*DIRECTIONS*: Only the lines from the one containing "Edición del Viernes" through the last line below belong in your copy; transcribe them exactly and omit any pictures.

*GIVEN DATA*:
....
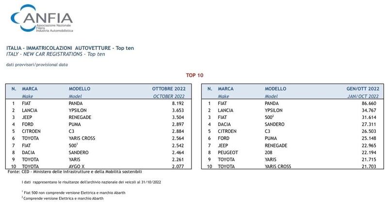 Metà della top ten di ottobre vede presenti modelli Stellantis e che monopolizzano il podio: domina come sempre Fiat Panda con 8.192 unità, seguita da Lancia Ypsilon con 3.653 pezzi e Jeep Renegade che arriva a 3.504); quinto posto per Citroen C3 (2.884), e settimo per Fiat 500 (2.542).
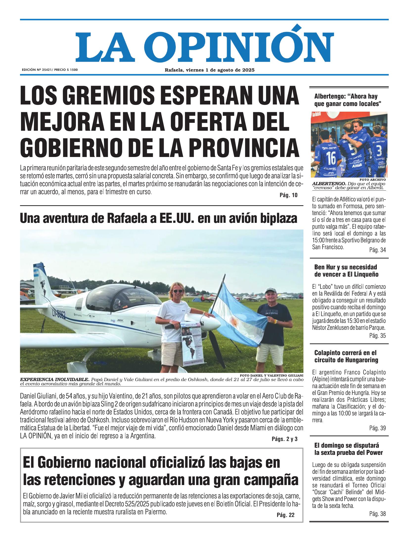 Edición del Viernes 1 de Agosto de 2025 - N° Tapa 1
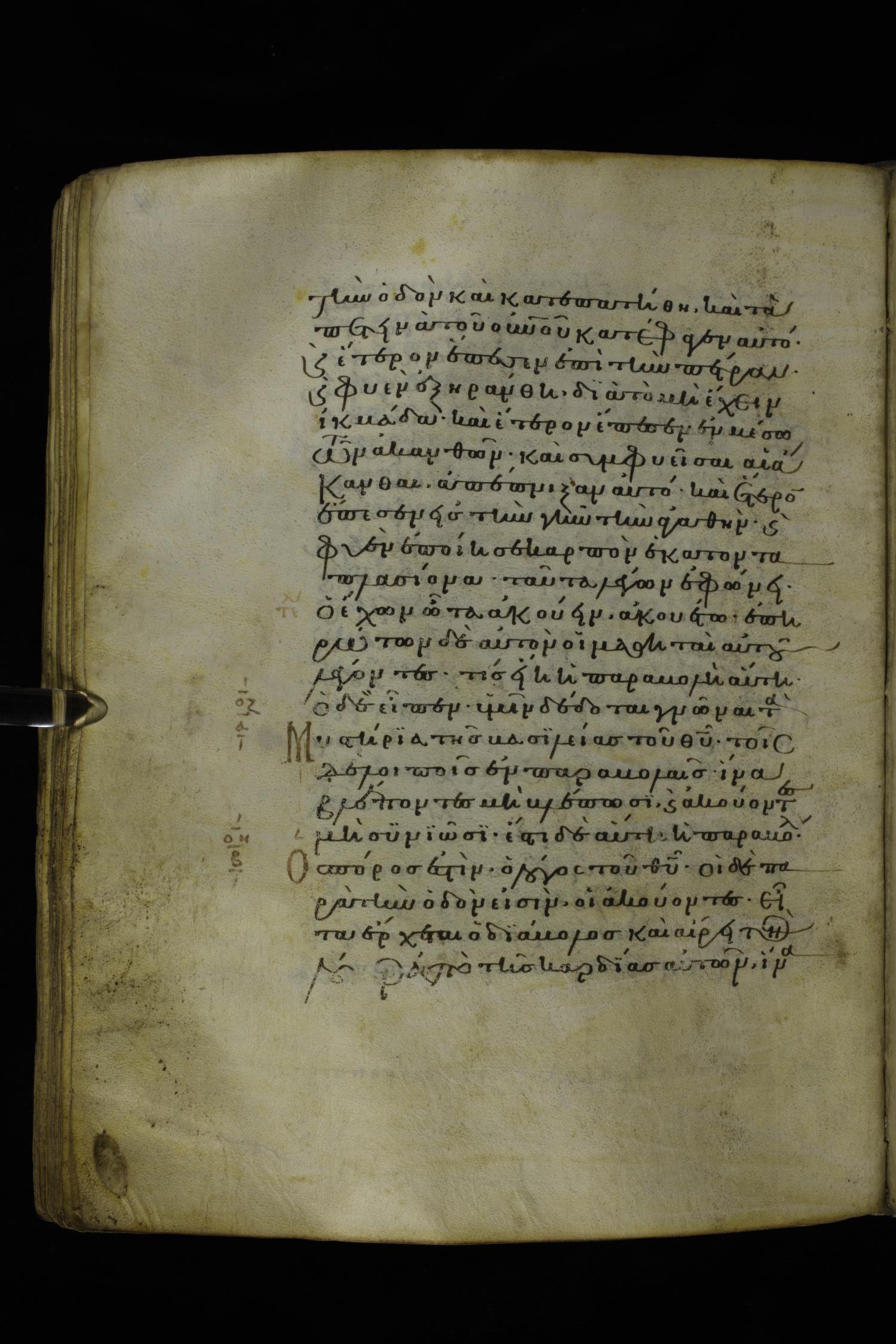 Twelfth century minuscule of the Gospels on parchment; 277 leaves, 1 column, 22 lines per column. Images were taken at the National Library of Greece in Athens.
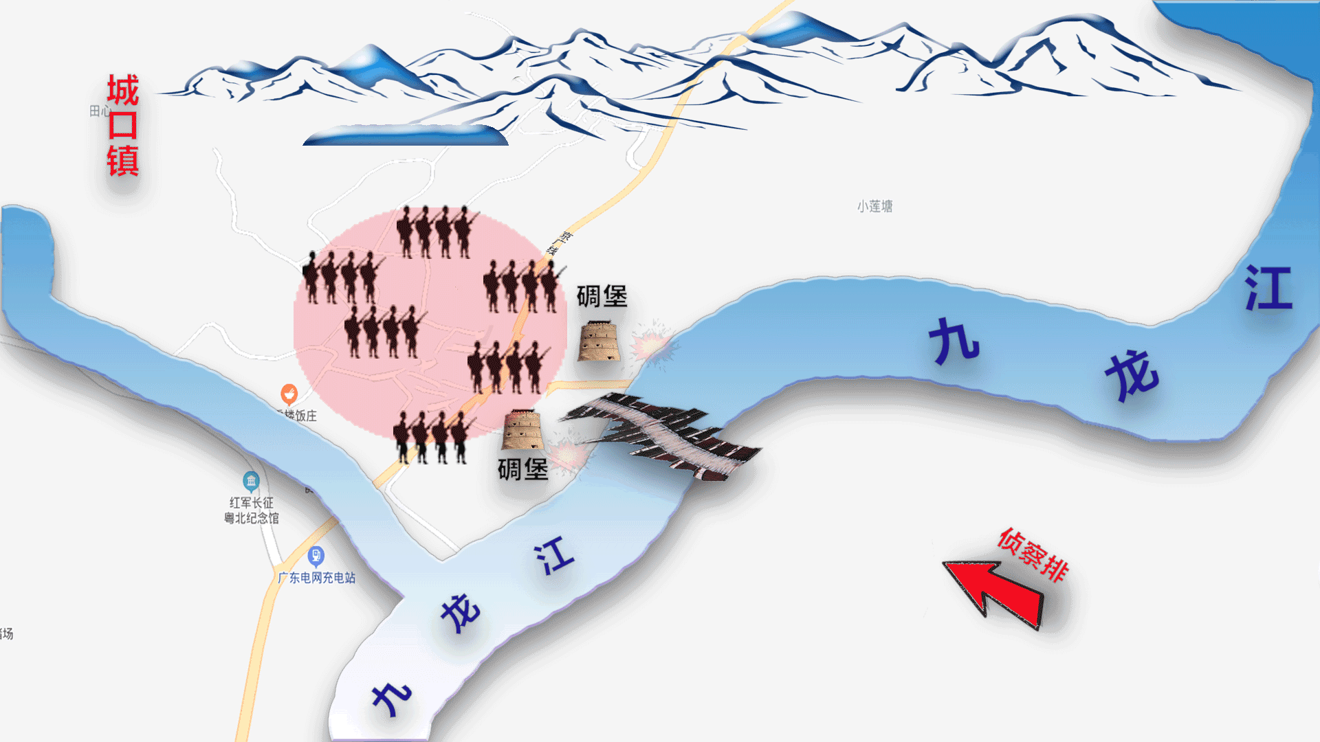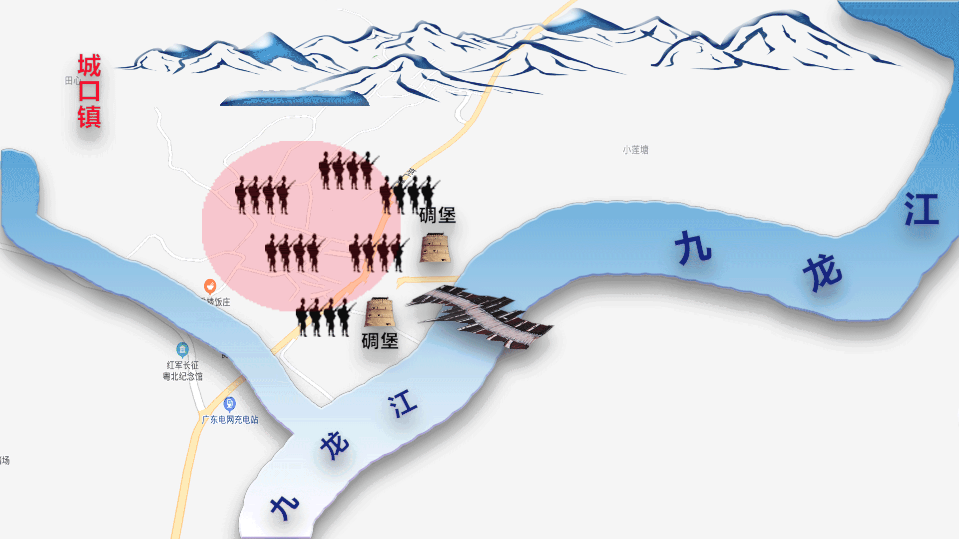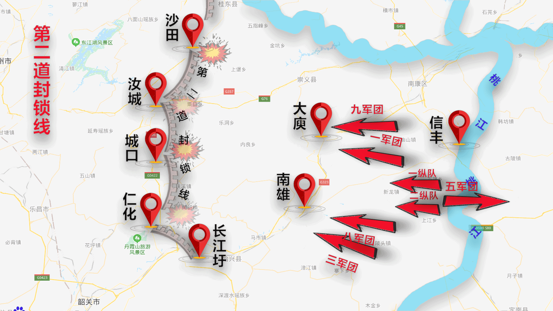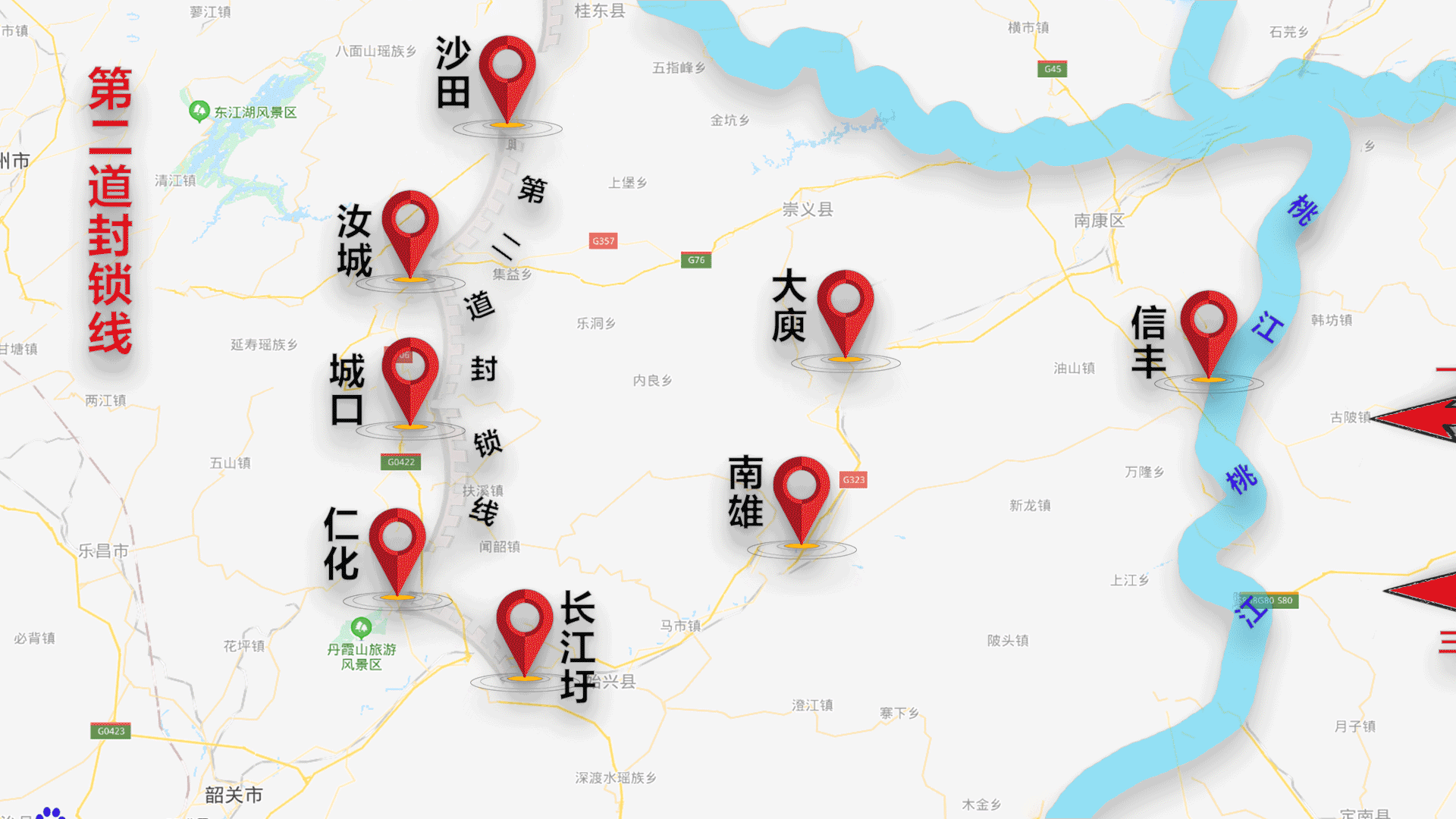 这里是敌人构筑的第二道封锁线的中心位置,敌人沿着汝城、城口、仁化构筑起来第二道封锁线阻止红军西进。
....
*FINAL ANSWER*:
 Edición del Viernes 1 de Agosto de 2025 - N° Tapa 1
 Twelfth century minuscule of the Gospels on parchment; 277 leaves, 1 column, 22 lines per column. Images were taken at the National Library of Greece in Athens.
 这里是敌人构筑的第二道封锁线的中心位置,敌人沿着汝城、城口、仁化构筑起来第二道封锁线阻止红军西进。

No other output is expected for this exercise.